Example 1. Let $S = \{ (1, 0), (0, 1) \}$ . Then $F_S$ is rational, in particular

$\displaystyle F_S(x, y) = \frac{1}{1 - x - y} = \frac{z}{-rz^2 + z - r}$ .

Then $\frac{P(r, z)}{z Q(r, z)}$ has poles

$\displaystyle z_0 = \frac{1 + \sqrt{1 - 4r^2}}{2r}, z_1 = \frac{1 - \sqrt{1 - 4r^2}}{2r}$ .

For sufficiently small $r$ the root $z_0$ tends to infinity (in other words it does not have a well-defined power series expansion at $r = 0$ ), so we only sum the residue at $z_1$ , giving

$\displaystyle D_{F_S}(r^2) = \frac{1}{1 - 2rz_1} = \frac{1}{ \sqrt{1 - 4r^2} }$ .

Example 2. Let $S = \{ (2, 0), (1, 1), (0, 2) \}$ . Then $F_S$ is rational, in particular

$\displaystyle F_S(x, y) = \frac{1}{1 - xy - x^2 - y^2} = \frac{z^2}{-r^2 z^4 + (1 - r^2) z^2 - r^2}$ .

Then $\frac{P(r, z)}{z Q(r, z)}$ has poles

$\displaystyle z_0^2 = z_1^2 = \frac{1 - r^2 + \sqrt{1 - 2r^2 - 3r^4}}{2r^2}, z_2^2 = z_3^2 = \frac{1 - r^2 - \sqrt{1 - 2r^2 - 3r^4}}{2r^2}$ .

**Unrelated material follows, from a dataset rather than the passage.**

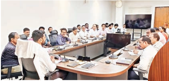
జిల్లా కలెక్టర్ జితేష్ వి పాటిల్

కొత్తగూడెం కలెక్టరేట్, సూర్య (మేజర్ న్యూస్)- జిల్లాలో గ్రామపంచాయతీ స్థాయిలో పెండింగ్ ఉన్న ఎల్ఆర్ఎస్ దరఖాస్తులను త్వరితగతిన పూర్తి చేయాలని కలెక్టర్ జితేష్ వి. పాటిల్ అధికారులను ఆదేశించారు. గురువారం ఐడిఓసి సమావేశ మందిరంలో ఎల్ఆర్ఎస్ దరఖాస్తుల పై సమీక్ష సమావేశం నిర్వహించారు. ఈ సందర్భంగా ఆయన మాట్లాడుతూ జిల్లాలోని గ్రామీణ స్థాయిలో ఉన్న ఎల్ఆర్ఎస్ క్రమబద్ధీకరణ దరఖాస్తుల పరిశీలన ప్రక్రియ వేగవంతంగా పూర్తి చేయాలని అధికారులను ఆదేశించారు. ప్రభుత్వ మార్గదర్శకాలకు అనుగుణంగా తమ

For sufficiently small $r$ the first two roots tend to infinity, so we only sum the residues at $z_2, z_3$ , giving

$\displaystyle D_{F_S}(r^2) = \frac{1}{2(1 - r^2) - 4r^2 z_2^2} + \frac{1}{2(1 - r^2) - 4r^2 z_3^2} = \frac{1}{ \sqrt{1 - 2r^2 - 3r^4} }$ .

Example 3. Let $S = \mathbb{Z}_{\ge 0}^2 - \{ (0, 0) \}$ . Then $F_S$ is rational, in particular

$\displaystyle F_S(x, y) = \frac{1}{2 - \frac{1}{(1 - x)(1 - y)}} = \frac{1}{2} \left( 1 + \frac{z}{-2rz^2 + (1 + 2r^2)z - 2r} \right)$ .

Then $\frac{P(r, z)}{z Q(r, z)}$ has poles

$\displaystyle z_0 = 0, z_1 = \frac{1 + 2r^2 + \sqrt{1 + 4r^2 - 12r^4}}{4r}, z_2 = \frac{1 + 2r^2 - \sqrt{1 + 4r^2 - 12r^4}}{4r}$ .

For sufficiently small $r$ the root $z_1$ tends to infinity, so we sum over the residues at $z_0, z_2$ and obtain

$\displaystyle D_{F_S} = \frac{1}{2} + \frac{1}{2} \frac{1}{1 + 2r^2 - 4rz_2} = \frac{1}{2} + \frac{1}{2 \sqrt{1 + 4r^2 - 12r^4} }$ .

This problem appeared on one of my problem sets recently and I’m curious if a path decomposition argument can be made to work.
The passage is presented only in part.